■ WHAT IS BEING ASKED:
Although the data below contains pictures, please reproduce only its words, exactly.

■ AVAILABLE DATA:
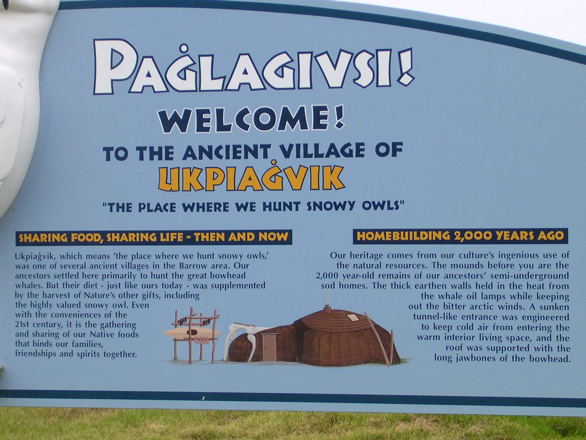 The welcome sign for the village of Ukplagvik located near Barrow, Alaska.
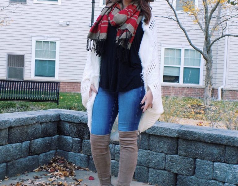 It is obvious that the main feature of this look is the hat but, the outfit would be nothing without all the other pieces. Pairing your favorite pair of skinny jeans with tight over the-knee-boots is a MUST. And let me tell you, this Fashionista is doing it right; the color and the lace-up detail in the back is a perfect match to her hat. Her Forever 21 scarf adds the subtle pop of color that she needs. Her absolutely adorable oversized white American Eagle cardigan is sweater goals.
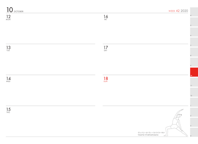 1週毎にヨガポーズ(ポーズ名入り)を掲載。
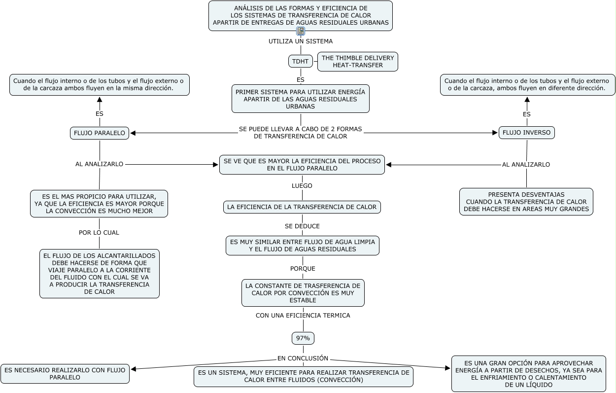 Este Cmap, tiene información relacionada con: MAPA TRANSFERENCIA, LA CONSTANTE DE TRASFERENCIA DE CALOR POR CONVECCIÓN ES MUY ESTABLE CON UNA EFICIENCIA TERMICA 97%, TDHT ES PRIMER SISTEMA PARA UTILIZAR ENERG�?A APARTIR DE LAS AGUAS RESIDUALES URBANAS, FLUJO PARALELO AL ANALIZARLO SE VE QUE ES MAYOR LA EFICIENCIA DEL PROCESO EN EL FLUJO PARALELO, FLUJO INVERSO AL ANALIZARLO SE VE QUE ES MAYOR LA EFICIENCIA DEL PROCESO EN EL FLUJO PARALELO, AN�?LISIS DE LAS FORMAS Y EFICIENCIA DE LOS SISTEMAS DE TRANSFERENCIA DE CALOR APARTIR DE ENTREGAS DE AGUAS RESIDUALES URBANAS UTILIZA UN SISTEMA TDHT, PRIMER SISTEMA PARA UTILIZAR ENERG�?A APARTIR DE LAS AGUAS RESIDUALES URBANAS SE PUEDE LLEVAR A CABO DE 2 FORMAS DE TRANSFERENCIA DE CALOR FLUJO PARALELO, ES EL MAS PROPICIO PARA UTILIZAR, YA QUE LA EFICIENCIA ES MAYOR PORQUE LA CONVECCIÓN ES MUCHO MEJOR POR LO CUAL EL FLUJO DE LOS ALCANTARILLADOS DEBE HACERSE DE FORMA QUE VIAJE PARALELO A LA CORRIENTE DEL FLUIDO CON EL CUAL SE VA A PRODUCIR LA TRANSFERENCIA DE CALOR, PRIMER SISTEMA PARA UTILIZAR ENERG�?A APARTIR DE LAS AGUAS RESIDUALES URBANAS SE PUEDE LLEVAR A CABO DE 2 FORMAS DE TRANSFERENCIA DE CALOR FLUJO INVERSO, 97% EN CONCLUSIÓN ES UNA GRAN OPCIÓN PARA APROVECHAR ENERG�?A A PARTIR DE DESECHOS, YA SEA PARA EL ENFRIAMIENTO O CALENTAMIENTO DE UN L�?QUIDO, FLUJO INVERSO ES Cuando el flujo interno o de los tubos y el flujo externo o de la carcaza, ambos fluyen en diferente dirección., FLUJO INVERSO AL ANALIZARLO PRESENTA DESVENTAJAS CUANDO LA TRANSFERENCIA DE CALOR DEBE HACERSE EN AREAS MUY GRANDES, ES MUY SIMILAR ENTRE FLUJO DE AGUA LIMPIA Y EL FLUJO DE AGUAS RESIDUALES PORQUE LA CONSTANTE DE TRASFERENCIA DE CALOR POR CONVECCIÓN ES MUY ESTABLE, LA EFICIENCIA DE LA TRANSFERENCIA DE CALOR SE DEDUCE ES MUY SIMILAR ENTRE FLUJO DE AGUA LIMPIA Y EL FLUJO DE AGUAS RESIDUALES, TDHT ES THE THIMBLE DELIVERY HEAT-TRANSFER, SE VE QUE ES MAYOR LA EFICIENCIA DEL PROCESO EN EL FLUJO PARALELO LUEGO LA EFICIENCIA DE LA TRANSFERENCIA DE CALOR, FLUJO PARALELO AL ANALIZARLO ES EL MAS PROPICIO PARA UTILIZAR, YA QUE LA EFICIENCIA ES MAYOR PORQUE LA CONVECCIÓN ES MUCHO MEJOR, 97% EN CONCLUSIÓN ES NECESARIO REALIZARLO CON FLUJO PARALELO, 97% EN CONCLUSIÓN ES UN SISTEMA, MUY EFICIENTE PARA REALIZAR TRANSFERENCIA DE CALOR ENTRE FLUIDOS (CONVECCIÓN), FLUJO PARALELO ES Cuando el flujo interno o de los tubos y el flujo externo o de la carcaza ambos fluyen en la misma dirección.
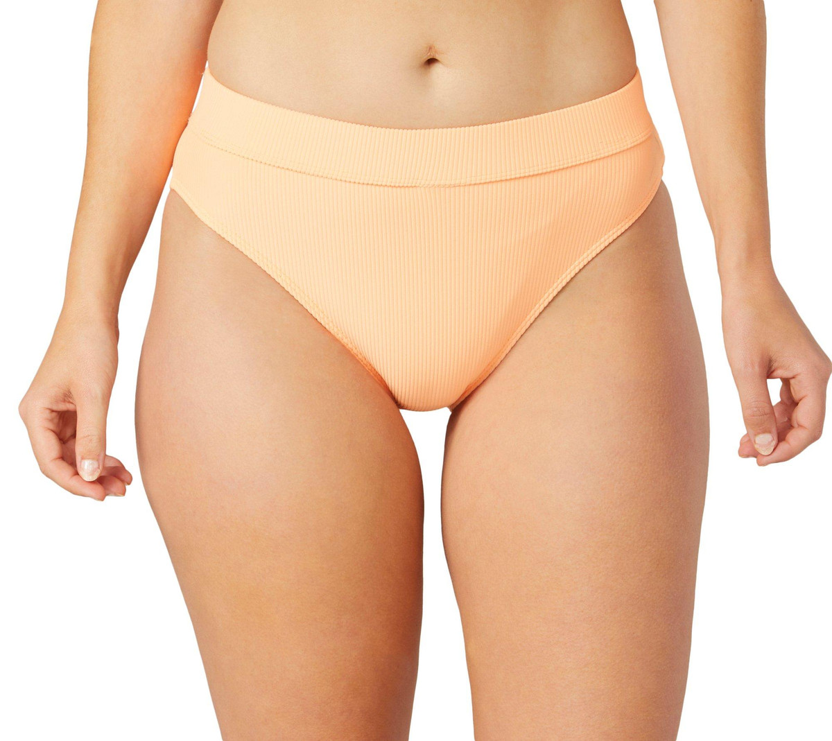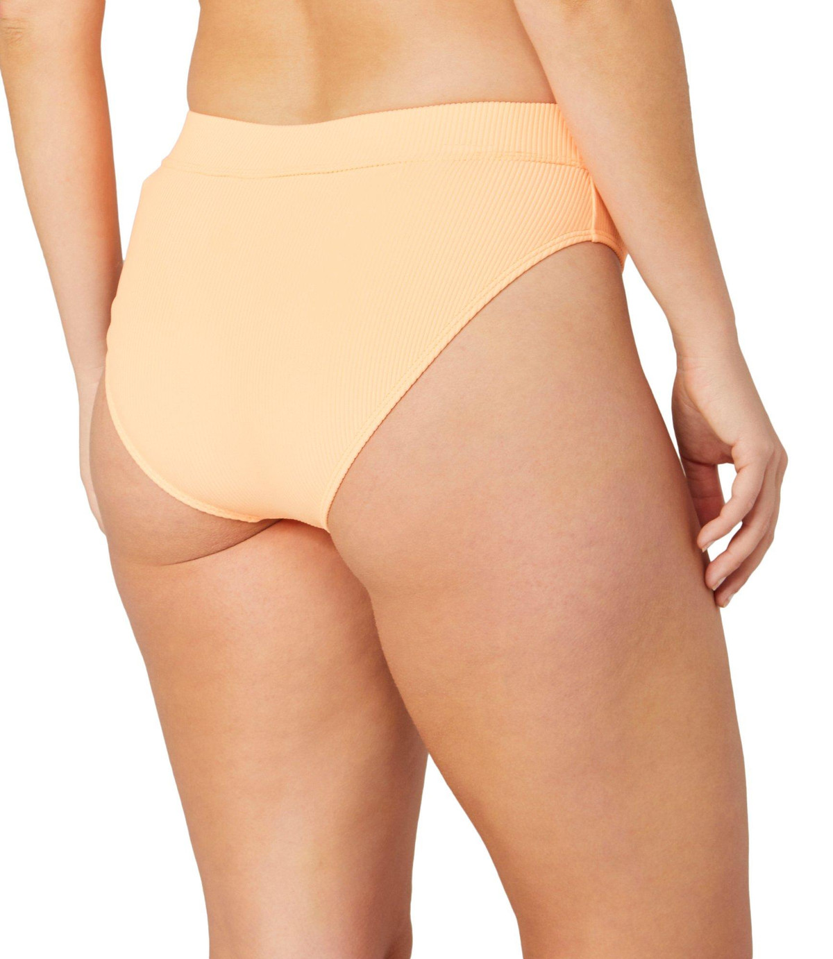 This lined swim bottom features a solid color design on ribbed fabric, a high waistband, and medium coverage. Fabrication 85% nylon, 15% spandex.
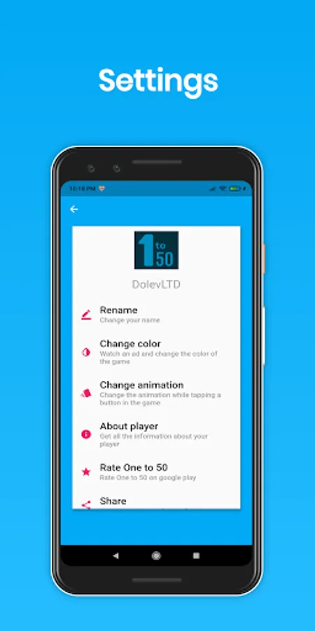 In the setting, you can change the color of the app, change the animation, rename yourself, share the app and rate it.

■ RESPONSE FOR THIS EXERCISE:
 The welcome sign for the village of Ukplagvik located near Barrow, Alaska.
 It is obvious that the main feature of this look is the hat but, the outfit would be nothing without all the other pieces. Pairing your favorite pair of skinny jeans with tight over the-knee-boots is a MUST. And let me tell you, this Fashionista is doing it right; the color and the lace-up detail in the back is a perfect match to her hat. Her Forever 21 scarf adds the subtle pop of color that she needs. Her absolutely adorable oversized white American Eagle cardigan is sweater goals.
 1週毎にヨガポーズ(ポーズ名入り)を掲載。
 Este Cmap, tiene información relacionada con: MAPA TRANSFERENCIA, LA CONSTANTE DE TRASFERENCIA DE CALOR POR CONVECCIÓN ES MUY ESTABLE CON UNA EFICIENCIA TERMICA 97%, TDHT ES PRIMER SISTEMA PARA UTILIZAR ENERG�?A APARTIR DE LAS AGUAS RESIDUALES URBANAS, FLUJO PARALELO AL ANALIZARLO SE VE QUE ES MAYOR LA EFICIENCIA DEL PROCESO EN EL FLUJO PARALELO, FLUJO INVERSO AL ANALIZARLO SE VE QUE ES MAYOR LA EFICIENCIA DEL PROCESO EN EL FLUJO PARALELO, AN�?LISIS DE LAS FORMAS Y EFICIENCIA DE LOS SISTEMAS DE TRANSFERENCIA DE CALOR APARTIR DE ENTREGAS DE AGUAS RESIDUALES URBANAS UTILIZA UN SISTEMA TDHT, PRIMER SISTEMA PARA UTILIZAR ENERG�?A APARTIR DE LAS AGUAS RESIDUALES URBANAS SE PUEDE LLEVAR A CABO DE 2 FORMAS DE TRANSFERENCIA DE CALOR FLUJO PARALELO, ES EL MAS PROPICIO PARA UTILIZAR, YA QUE LA EFICIENCIA ES MAYOR PORQUE LA CONVECCIÓN ES MUCHO MEJOR POR LO CUAL EL FLUJO DE LOS ALCANTARILLADOS DEBE HACERSE DE FORMA QUE VIAJE PARALELO A LA CORRIENTE DEL FLUIDO CON EL CUAL SE VA A PRODUCIR LA TRANSFERENCIA DE CALOR, PRIMER SISTEMA PARA UTILIZAR ENERG�?A APARTIR DE LAS AGUAS RESIDUALES URBANAS SE PUEDE LLEVAR A CABO DE 2 FORMAS DE TRANSFERENCIA DE CALOR FLUJO INVERSO, 97% EN CONCLUSIÓN ES UNA GRAN OPCIÓN PARA APROVECHAR ENERG�?A A PARTIR DE DESECHOS, YA SEA PARA EL ENFRIAMIENTO O CALENTAMIENTO DE UN L�?QUIDO, FLUJO INVERSO ES Cuando el flujo interno o de los tubos y el flujo externo o de la carcaza, ambos fluyen en diferente dirección., FLUJO INVERSO AL ANALIZARLO PRESENTA DESVENTAJAS CUANDO LA TRANSFERENCIA DE CALOR DEBE HACERSE EN AREAS MUY GRANDES, ES MUY SIMILAR ENTRE FLUJO DE AGUA LIMPIA Y EL FLUJO DE AGUAS RESIDUALES PORQUE LA CONSTANTE DE TRASFERENCIA DE CALOR POR CONVECCIÓN ES MUY ESTABLE, LA EFICIENCIA DE LA TRANSFERENCIA DE CALOR SE DEDUCE ES MUY SIMILAR ENTRE FLUJO DE AGUA LIMPIA Y EL FLUJO DE AGUAS RESIDUALES, TDHT ES THE THIMBLE DELIVERY HEAT-TRANSFER, SE VE QUE ES MAYOR LA EFICIENCIA DEL PROCESO EN EL FLUJO PARALELO LUEGO LA EFICIENCIA DE LA TRANSFERENCIA DE CALOR, FLUJO PARALELO AL ANALIZARLO ES EL MAS PROPICIO PARA UTILIZAR, YA QUE LA EFICIENCIA ES MAYOR PORQUE LA CONVECCIÓN ES MUCHO MEJOR, 97% EN CONCLUSIÓN ES NECESARIO REALIZARLO CON FLUJO PARALELO, 97% EN CONCLUSIÓN ES UN SISTEMA, MUY EFICIENTE PARA REALIZAR TRANSFERENCIA DE CALOR ENTRE FLUIDOS (CONVECCIÓN), FLUJO PARALELO ES Cuando el flujo interno o de los tubos y el flujo externo o de la carcaza ambos fluyen en la misma dirección.
 This lined swim bottom features a solid color design on ribbed fabric, a high waistband, and medium coverage. Fabrication 85% nylon, 15% spandex.
 In the setting, you can change the color of the app, change the animation, rename yourself, share the app and rate it.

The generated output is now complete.